A leader of the Black Lives Matter Global Foundation is being accused in a lawsuit of stealing $10 million from the group and using it for his “personal piggy bank.”
The lawsuit from former colleagues called Shalomyah Bowers a “rogue administrator, a middle man turned usurper,” according to a report in the Los Angeles Times.
The complaint claimed that Bowers led the Black Lives Matter Global Foundation into “multiple investigations by the Internal Revenue Service and various state attorney generals, blazing a path of irreparable harm to BLM in less than eighteen months.”
The lawsuit was filed in Los Angeles County Superior Court on Thursday by a group calling itself Black Lives Grassroots.
“While BLM leaders and movement workers were on the street risking their lives, Mr.

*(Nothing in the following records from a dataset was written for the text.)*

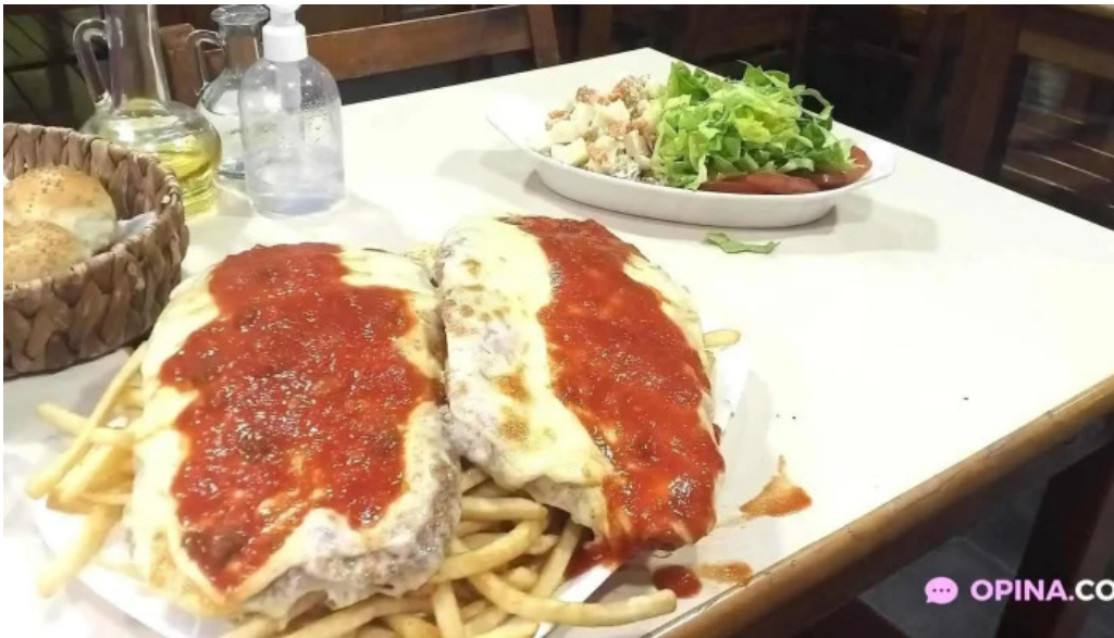
Bar dos avenidas papas fritas
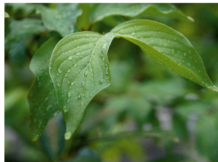
// Zur Blattspitze gerichtete Blattadern kennzeichnen Cornus mas als Hartriegelgewächs. //
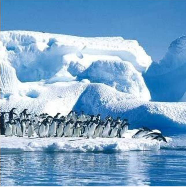
I veri abitanti dell'Antartide
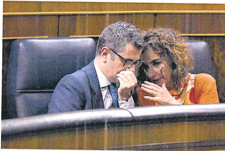
Montero departe con el Ministro de Presidencia, Félix Bolaños, esta semana en el Congreso. EUROPA PRESS/E. PARRA

Además, el nuevo documento presupuestario reconoce que el Gobierno había infrapresupuestado los ingresos tributarios de 2023 en unos 10.800 millones de euros. Esta sorpresa recaudatoria permitiría aplicar el año próximo medidas anticrisis por el lado del gasto por un importe similar a las ya adoptadas en 2022, que el documento cifra en 10.000 millones. En 2022 la mayor parte de las medidas anticrisis adop-
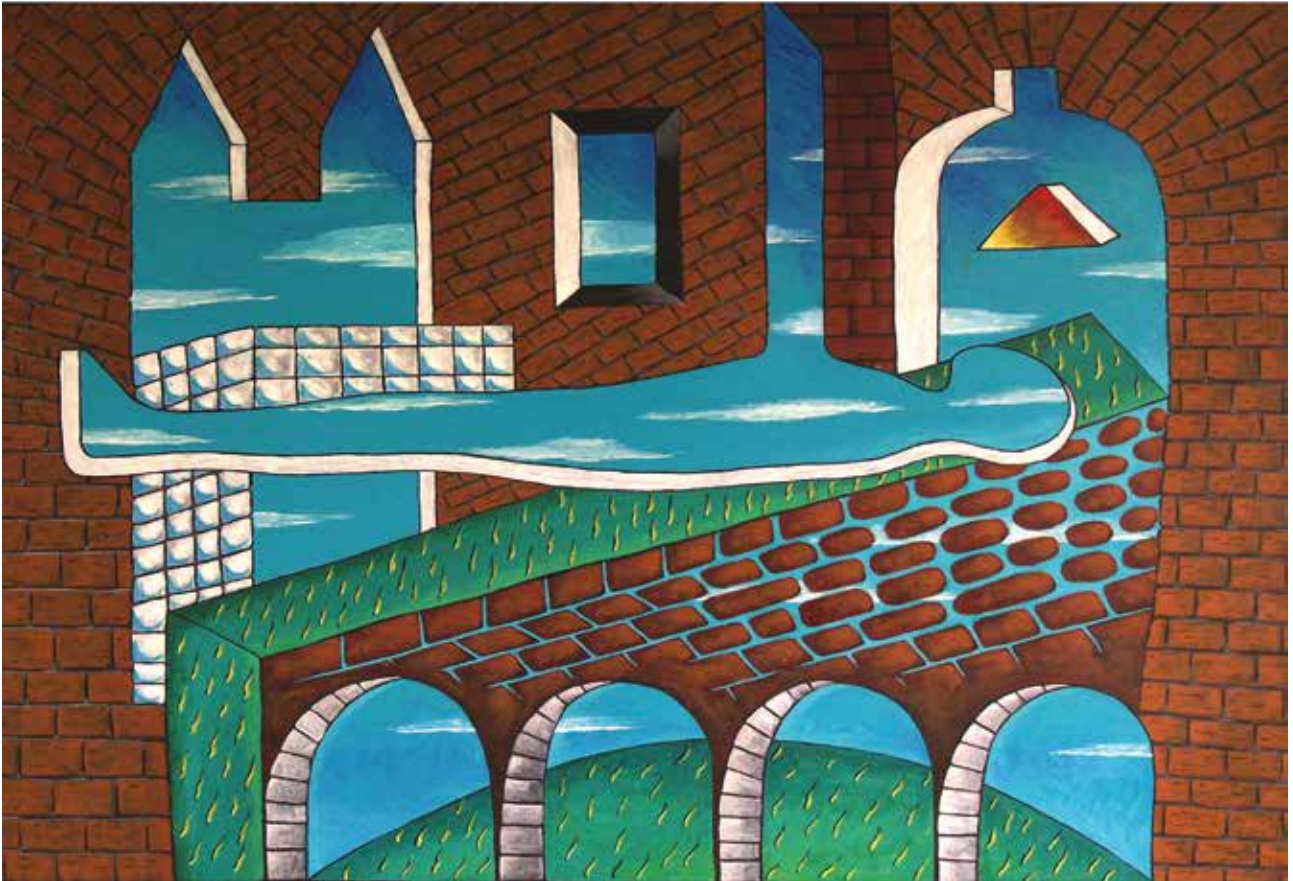
OSJEĆAM PRAZINU, Akril na platnu, 100 x 145 cm, 2021.
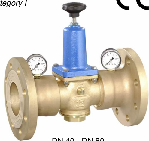
DN 40 - DN 80

(Ausführung DN 65 & 80 mit separaten Manometeranschlüssen / version DN 65 & 80 with separate manometer connections)
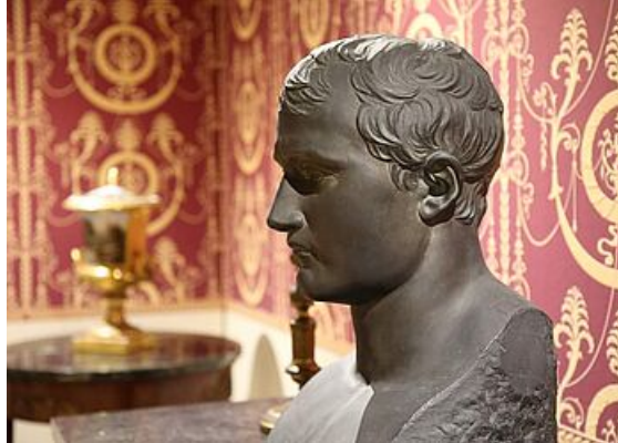
Les collections Duhamel, exposition Mantes et ses musées, musée de l'Hôtel-Dieu 2019
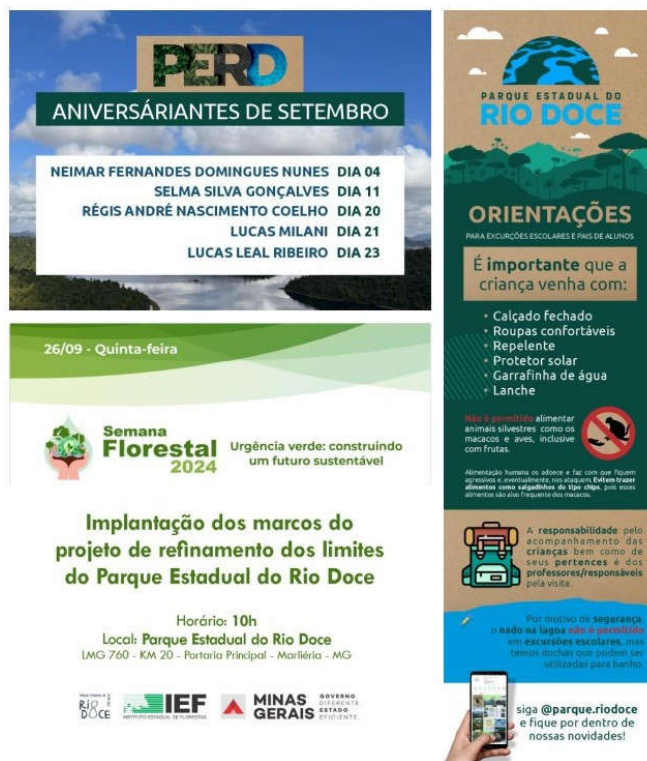
Figura 3: exemplo de peças de comunicação desenvolvidas no âmbito do TP que contribuem para a imagem positiva do parque.

Considerando-se o exposto, entende-se que o indicador teve sua meta plenamente atendida, dentro do prazo.
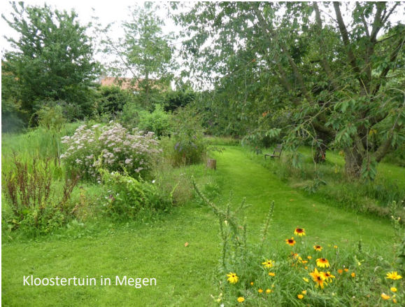
Kloostertuin in Megen

Het terrein van de kloostertuin zal straks in eigendom zijn van verschillende eigenaren; de woningbouwvereniging, de gemeente, de basisschool en de parochie. Deels is deze eigendomsverhouding historisch zo gegroeid, deels is het een gevolg van de herbestemming van het kloostergebouw. Het is evident dat voor het behoud van de kloostertuin in zijn geheel het een voorwaarde is dat het beheer en onderhoud hiervan in één hand komt. De werkgroep kloostertuin wil daarom met alle eigenaren een overeenkomst sluiten over een langdurig gebruik van de tuin.
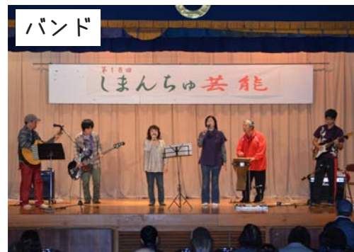
バンド デイサービスおおぎみバンド
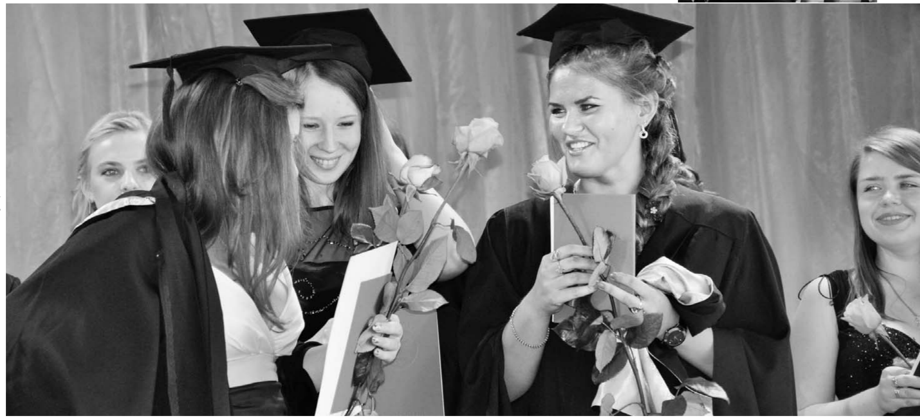
А у кого пятерок больше?
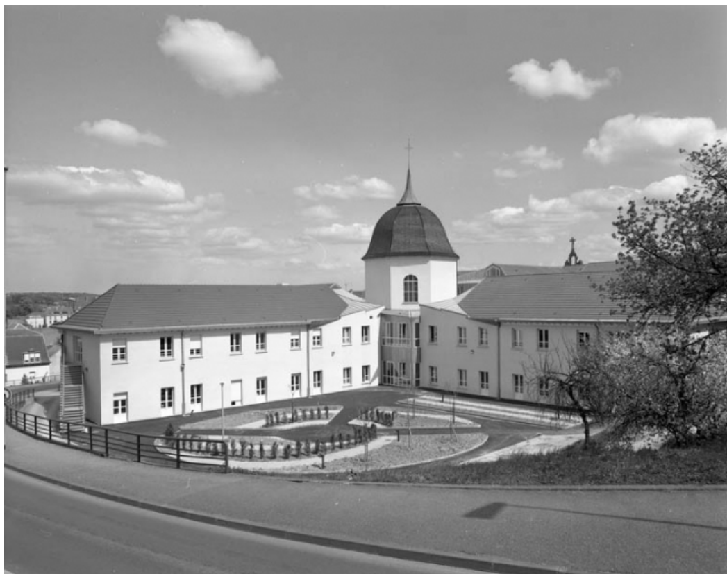
Cour à l'arrière de l'édifice : vue éloignée.
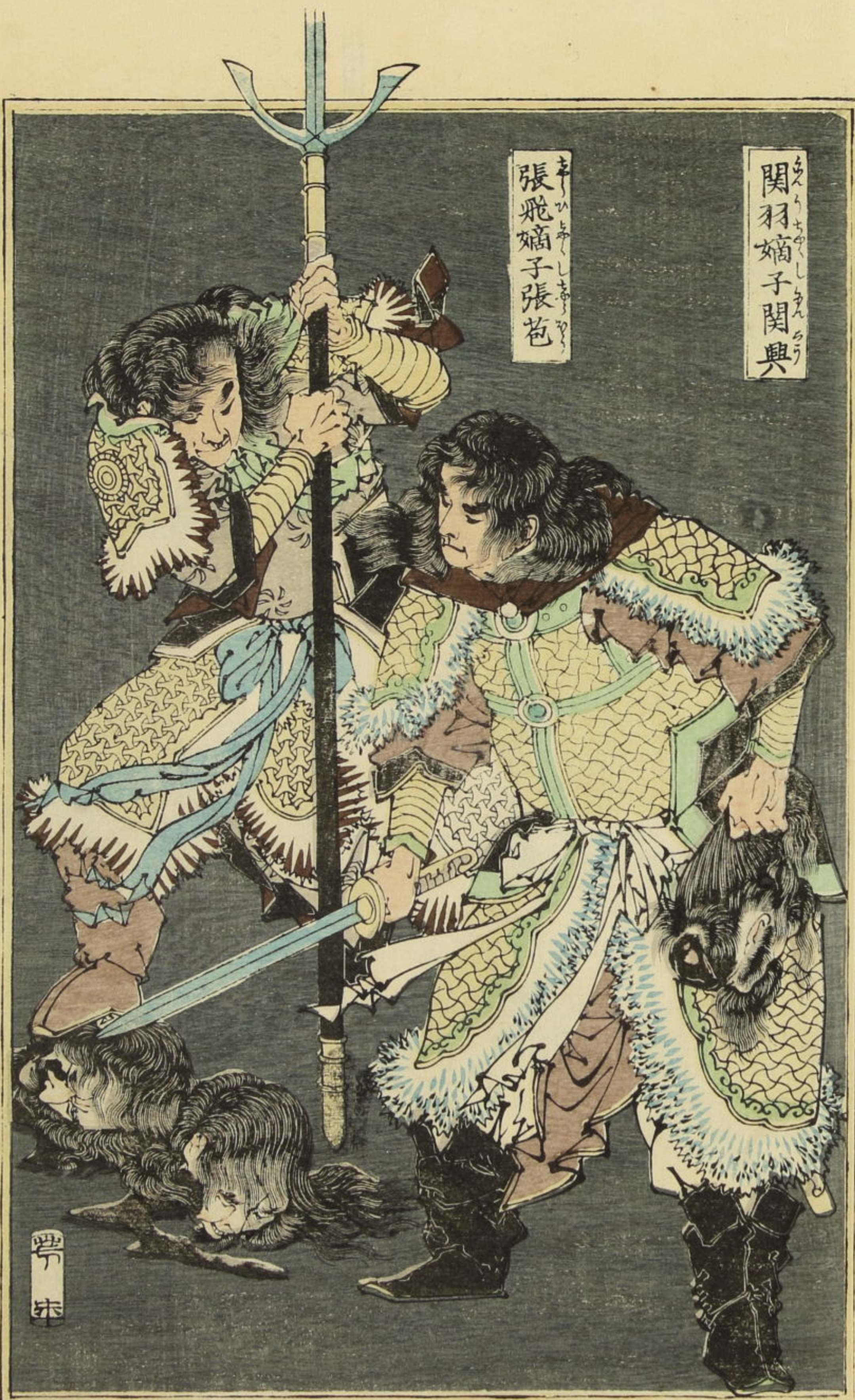
張飛 字 孟 節
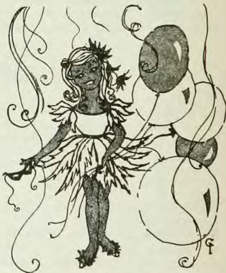
Мал. Ірка Стецьків

ОДЯГ ДИВО-КВІТКИ ПШИЛА ТАЛЯ ЖВАВО, БО ПІДУТЬ ОБИДВИ ВОНИ НА ЗАБАВУ!
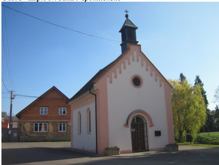
Obr. 3 Kaple sv. Jana Nepomuckého
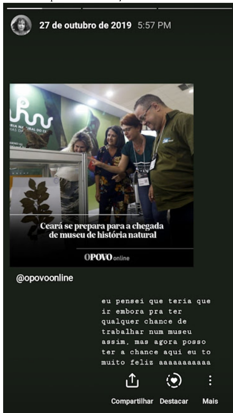
Figura 1 - Momento em que soube da criação do Museu de História Natural do Ceará

imaginava. Menos de um ano depois, em agosto de 2020, recebi por meio do grupo de WhatsApp do PIBID uma mensagem de que o Museu Cearense de História Natural Prof. Dias da Rocha estava selecionando voluntários e receber esta notícia neste período tão difícil de 2020 com a pandemia de COVID-19 foi a chegada de uma esperança e vontade de continuar para viver algo que eu queria muito, que era como um sonho para mim e que eu pensava que só conseguiria mais para frente na minha vida.
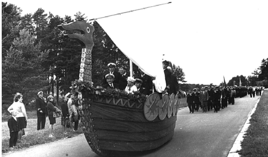
1967. gada Zvejnieku svētku dalībnieku gājiens uz jauno estrādi. Priekšā sēž tālbraucējs kapteinis Aleksandrs Bērziņš
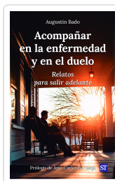
ACOMPañAR EN LA ENFERMEDAD Y EN EL DUELO N°165 AUGUSTIN BADO
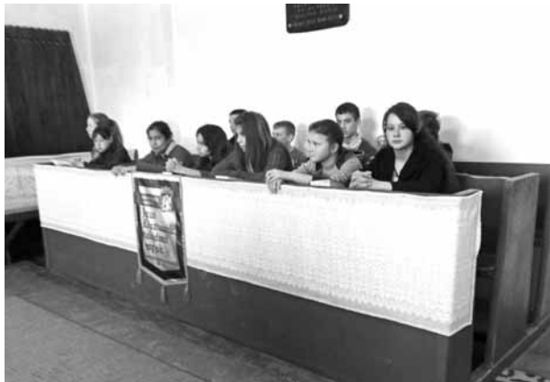
Balavásári fiatalok a templompadban

Szép és elgondolkodtató eseménynek vagyok tanúja, amint az istentisztelet végén hozzák be a kislányt a keresztre. Öt fiatal pár áll az úrasztala mellett egy kisgyermek keresztelésénél majdnem feltűnően modern öltözetben. Számomra azért is feltűnő, mert Marosvásárhelyen egyre gyakoribb az olyan keresztelés, amikor a kisgyermeken, a szülőkön és a keresztszülőkön népviselet vagy „magyar ruha” látható. Itt a „legutolsó módi”. Később tudom meg: egy részük külföldön – Nyugat-Európában – dolgozik. Profi videós filmezi, és egy másik fényképezi hozzáértéssel, nem zavaróan az egész szertartást. Ennek a
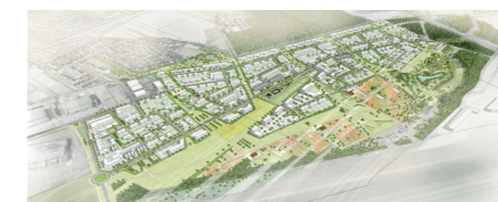
ZAC des Antennes - Champhol (28)
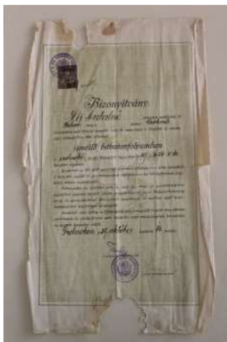
14. Bábaképezdei bizonyítvány Híj Antalné csökmői lakos részére, 1909. Leltári szám: IV.91.8.
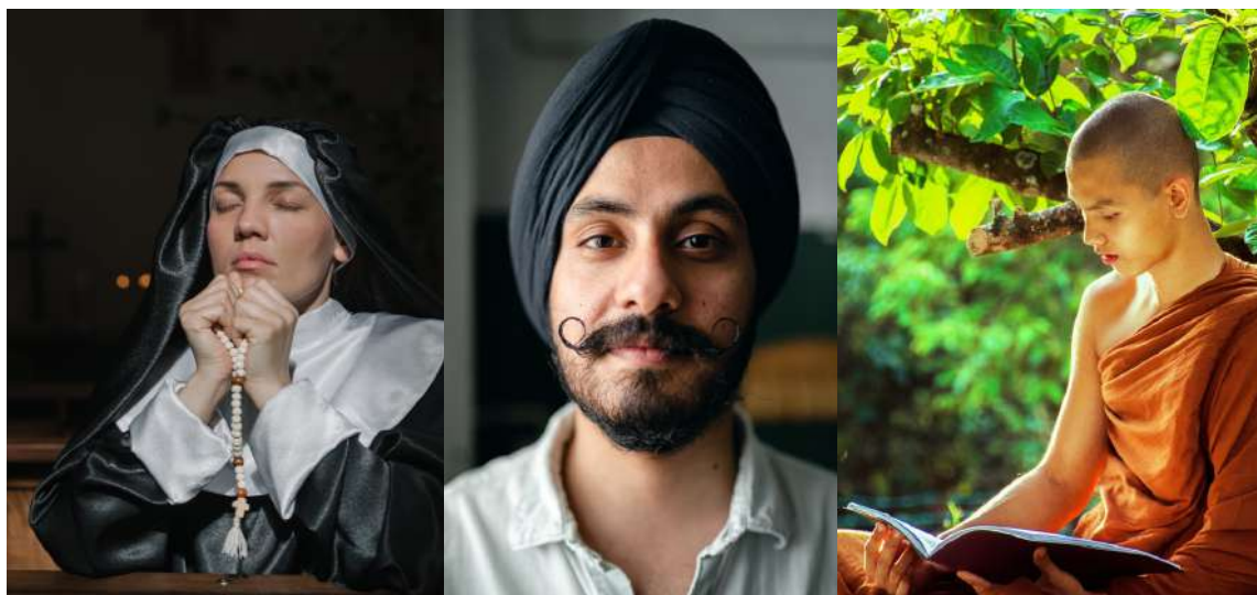
Da sinistra: una suora cattolica, un uomo Sikh, un monaco buddhista

I capelli hanno da sempre costituito un ruolo fondamentale nella presentazione dell'immagine di sé. I capelli racchiudono e veicolano diversi significati a seconda della cultura e della provenienza della persona che li porta, anche quando si decide di non mostrarli affatto, come accade in alcune religioni e culture.
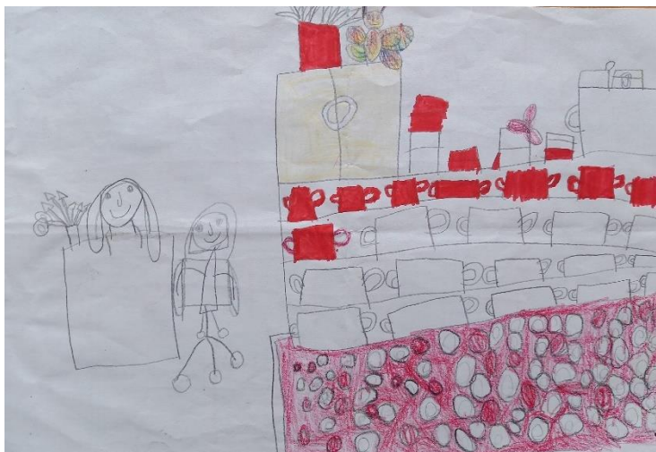
Obrázek č. 19: Ve školce II. (A4; pastelky, fixy); Věk 6 let; červen
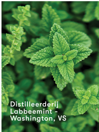
Distilleerderij Labbeemint - Washington, VS
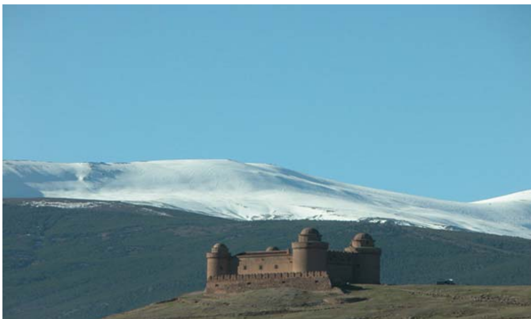
Castillo -Palacio de La Calahorra

fortificación precedente de época medieval, en un cortísimo periodo de tiempo a principios del siglo XVI. El castillo es un edificio singular no sólo por su aspecto y su ubicación, que lo convierten en el elemento de más carácter en el paisaje del Marquesado, sino también por la originalidad de su concepción y ejecución. En él confluyen tres corrientes constructivas y estilísticas diferentes: la arquitectura defensiva castellana, el renacimiento más puro y el mudéjar. El resultado es una fortaleza en su aspecto exterior y un exquisito e íntimo palacio en su interior.
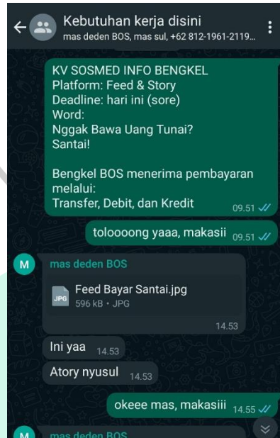
Gambar 3. 4 Menginformasikan Content

menyiapkan script . Berikut dari divisi social media & content menginformasikan ke divisi design graphic .
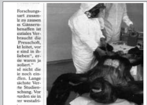
Forschungsart zusammen zu zusehen ist soziales Verhalten, ist leidet, vor e sind in ih lieben", er sie waren ja isoliert." id nicht die ie noch ein ffen. Lange tüchste Ver te Studien schung. Vor rden sie in ter westafri Zeitdokument Spiegel 24.05.04: Grausamste Tierversuche, dienen sie der Medizin?

bloßer Reflex. Diese Weltanschauung wiederum fußt auf der Lehre der Kirche, vertreten z.B. durch Thomas von Aquin, dass Tiere keine unsterbliche Seele haben. Auch Frauen wurde im Mittelalter übrigens die Seele abgesprochen.

Bowers remained in his cushy offices devising a scheme of fraud and misrepresentation to break the implied-in-fact contract between donors and BLM,” the suit added.
The board of directors of the BLM Global Fund denied the accusations in a joint statement.
“They would rather take the same steps of our white oppressors and utilize the criminal legal system which is propped up by white supremacy (the same system they say they want to dismantle) to solve movement disputes,” the statement said.
Black Lives Matter Los Angeles cofounder Melina Abdullah told reporters at a media briefing on Thursday that Bowers had shut her out of control of the group’s social media accounts.
Bowers fired back in a statement accusing Abdullah of financial malfeasance and “unprincipled decision making, and a leadership style rooted in retribution and intimidation.”
The BLM Global Foundation was similarly criticized in April when a financial report indicated that they had used donation money to buy a $6 million home in southern California.
Bowers also defended that purchase, saying it was made in order to establish a “housing and studio space” for black creators. Other activists were upset at the use of the funds.